Friday, April 9, 2010

The hare in the folk myths of our ancestors.



One of the largest fertility festivals of the ancient calendar, Eostra, falls on the spring equinox when day and night are in equal balance and life has returned in profusion.The Anglo-Saxon Goddess of sunrise and spring was known as Eostra or Eastre and her sacred month was called 'Eastremonath' - Moon of Eostre.
Like all the Christian church's moveable feasts, Easter shows it's pagan origin in a dating system based on the old lunar calendar.It is always the first Sunday after the first full moon after the Spring Equinox.The Christian festival wasn't called Easter until the Goddess's name was given to it in the late Middle Ages.
The Irish observed Easter on a different date from that of the Roman church, probably the original date of the festival of Eostre, until the Roman calendar was imposed in 632 A.D.

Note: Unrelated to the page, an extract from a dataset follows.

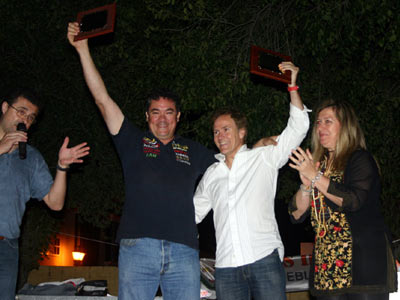Estos además entregaron sendas placas en agradecimiento a su colaboración a Isidoro "El Paloma" y al comentarista y trialero Enrique Romero, que llegó para la final desde Baeza, donde esa misma tarde retransmitió un festejo taurino para Canal Sur Televisión.

The most striking thing about the mythology of hares is the degree of commonality across the globe, there are long-spoken tales of hares from the Americas to the Far East, from Africa to Europe. The hare is embedded in the folk myths of our ancestors. It is associated in mythology with the Moon, the celestial skies and the Sun, with fertility, the dawn, cunning and bravery. There is evidence of hare mythology in ancient pottery, coins, seals, and hieroglyphics and in oral history. (In Egypt the hare symbolised the very essence of life itself: the hieroglyphic 'Wn', depicting a hare on top of a single blue-green ripple, means 'to exist'). Similar to the fact that most ancient cultures have a flood myth, most also seem to have hare mythology. What was it about the hare which led to this mythology? We will probably never know for sure, but the fact that wild hares lived in proximity to people, perform unique and uninhibited courtship dances, are extremely sexually active in the spring and are active at night, were all factors.